A custom updater wrapping the regular Wikidata updater for updating multiple sites in multiple namespaces.

Primary LanguageJavaGNU General Public License v3.0GPL-3.0

Try to push this upstream somehow...

https://gerrit.wikimedia.org/r/#/c/wikidata/query/rdf/+/589408/

The idea of speeding up the updater from version 1

The idea of this is to avoid the JVM startup etc, and basically have an updater running all the time rather than shelling out which is what the first version glue did.

I also investigated nailgun, but its not really maintained anymore so probably not a good direction to go in.

This can be trialed at https://repl.it/languages/java Just copy the code from the class into the default Main.java there and run the 2 lines below.

javac -classpath .:/run_dir/junit-4.12.jar:target/dependency/* -d . Main.java
java -classpath .:/run_dir/junit-4.12.jar:target/dependency/* org.wikidata.query.rdf.tool.WbStackUpdate --sparqlUrl sparql

This updater approach would require minimum changes to query service code and use the WHOLE of the current updater. Pulls of new code would be easy, the only thing we would need to look out for are changes to the params that are passed into the updater that we manipulate. But the runUpdater.sh could be altered to take a main class from an ENV var, and voila!

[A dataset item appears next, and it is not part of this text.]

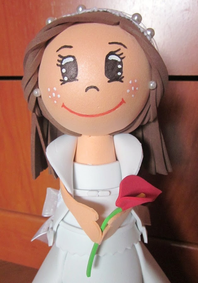 Estas son algunas fotos de la fofucha Silvia vestida de comunión. Hicimos 35 como regalo para cada pareja de invitados. Son de nuestras primeras fofuchas. En las fotos no se aprecia, pero lleva el cuerpo del vestido grabado a relieve. Hemos visto fofuchas de comunión que llevan los vestidos hechos de tela. Nosotros decidimos hacerlo todo de goma eva, incluidos los adornos, pensamos que se vería má ...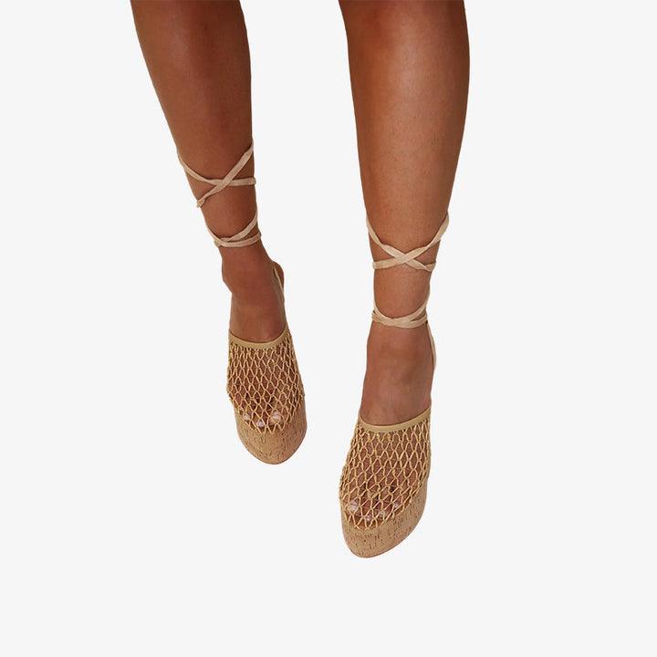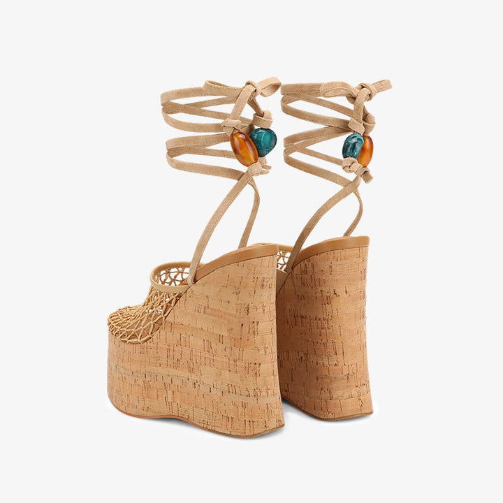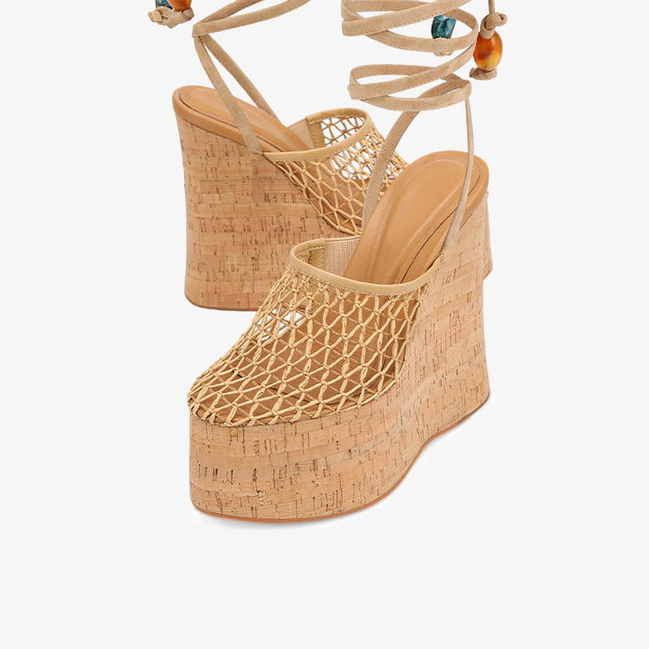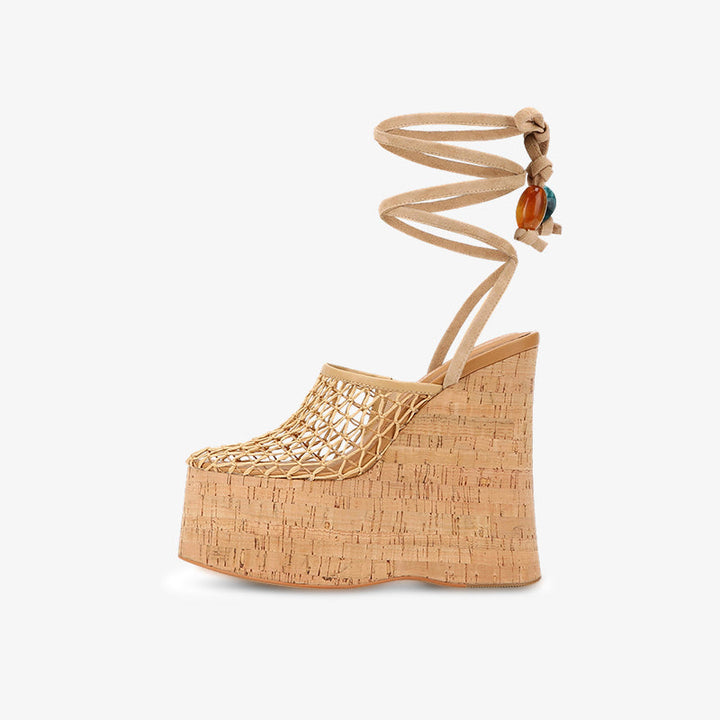 Elevate any summer look with these woven cork wedge clog heels. Featuring a high-quality fishnet upper, soft calf suede leg tie with bead detail, and a shiny cork-wrapped platform, they combine comfort and statement style. Finished with a full leather insole, leather lining, and durable rubber sole for all-day wear.

TODO check with wdqs team about if there are any wdqs internals I'll mess up by doing this & get their general thoughts.

Running locally

  1. In IntelliJ IDEA, create a run configuration for org.wikidata.query.rdf.tool.WbStackUpdate
  2. Set VM Options to -Xmx64m for example
  3. Set environment values as:
WBSTACK_API_ENDPOINT=http://localhost:3030/
WBSTACK_BATCH_SLEEP=0
WBSTACK_LOOP_LIMIT=1000000000
WBSTACK_WIKIBASE_SCHEME=http
  1. Start docker with docker-compose up
  2. As everything has initialized you should be able to run the new configuration.
  3. Every time the fake api gets polled new items will get inserted into wikibase, and the updater will keep running indefinitely.
  4. (Optional) https://visualvm.github.io/ for profiling